All too often, women think that talking to our husbands is the way to make them see how their behavior affects us.
If the behavior doesn't change when we first bring it up, we want to talk more, longer, or louder because we think maybe they didn't get it the first time.
One of the biggest pet peeves for men is that feeling of being nagged or badgered, especially if they don't know what the problem really is.
Also, the rules of polite, kind, nice conversation that women try to follow often come off as indirect, manipulative and mysterious to men.
Women often conclude that their husbands don't care because they haven't changed after a particular conversation.
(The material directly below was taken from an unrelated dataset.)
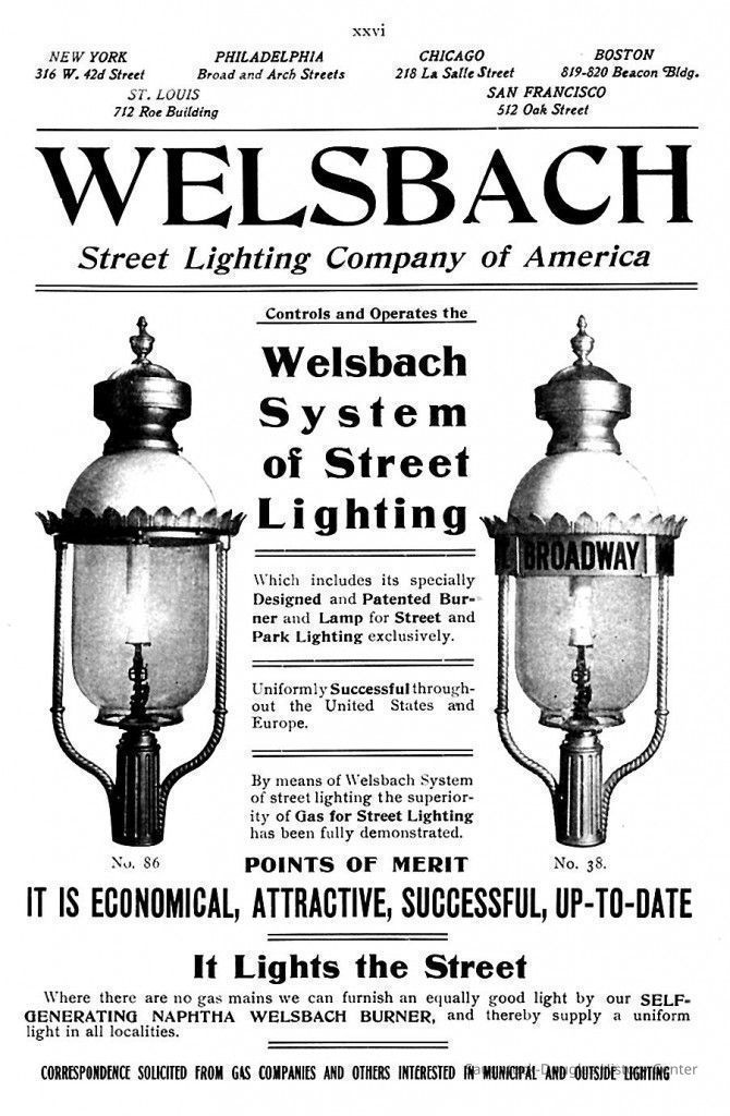 In the United States, the Welsbach Incandescent Gas Lighting Company had offices on Walnut Street in Philadelphia, and a factory on the Delaware River at Gloucester, New Jersey. Many of the factory workers were women, who sewed the fabric mantels and packed the mantels into packages for sale across the country.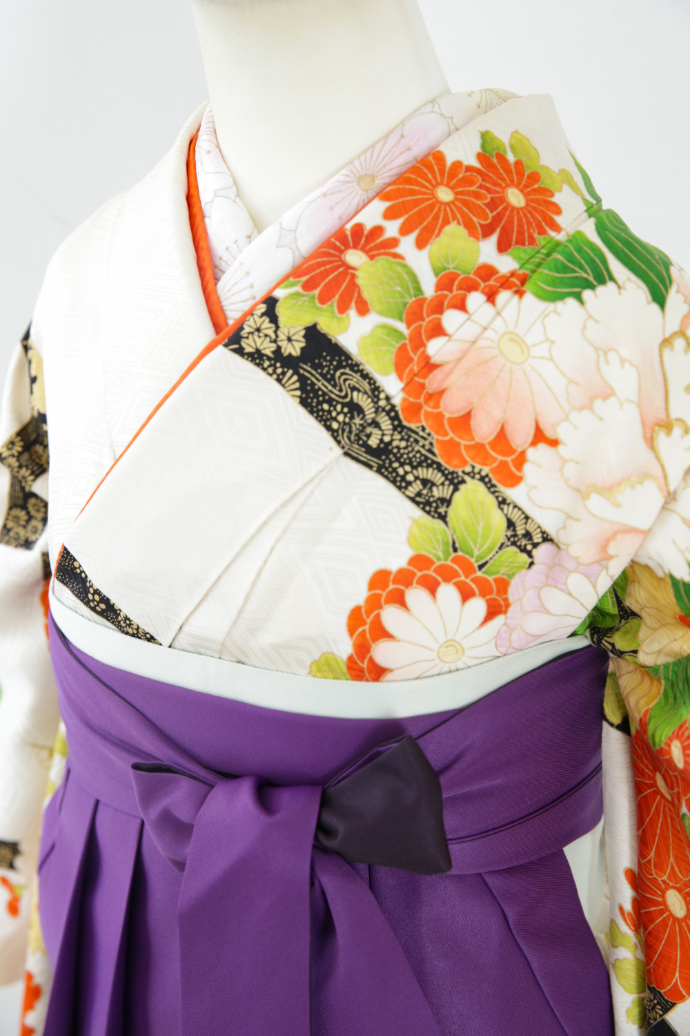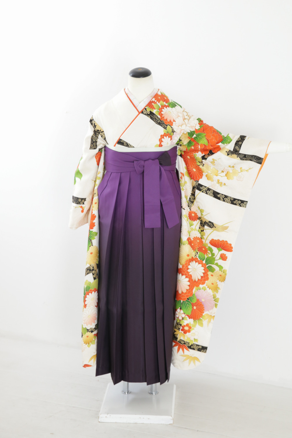 白地花格子振袖 カテゴリー:学生卒業式袴レンタルカタログ きもの:白地花格子振袖【FPA2-1】 裄:66cm 袖丈:106cm サイズ目安:M~ レンタル基本料金:¥71,500(税込) ※刺繍半衿は、オプション料金要 ※袴は、身長によって選べる色が異なります

Research has shown that happiness does increase when your husband changes for the better, but that change originates with you.
Paradoxically, the women who focused on becoming the person they want to be, rather than on how to get their husband to change, were happier down the road.
Living parallel lives with your husband is the slippery slope to disconnecting completely.
The bonds of marriage thrive on having interest in one another, working toward common goals and spending time with one another.
Couples who are trying to reconnect after their children have left home often come to realize that they don't know each other anymore.
One of the most difficult scenarios you come across is a couple in which one or both people are stuck viewing each other through a negative lens, expecting the worst.
Our brains do a wonderful job of seeing what we expect to see, and we are much more likely to view our husbands as doing everything wrong when we have developed a negative view of them.
The mentality that goes along with using words like "I deserve" includes a form of entitlement that kills the softness needed for a couple to cherish one another.
Saying "I deserve" is inherently a demand.
It's very different from knowing internally that you are worth more, and having the communication skills necessary to ask for more.
Knowing what you're worth helps you inspire your husband to cherish you.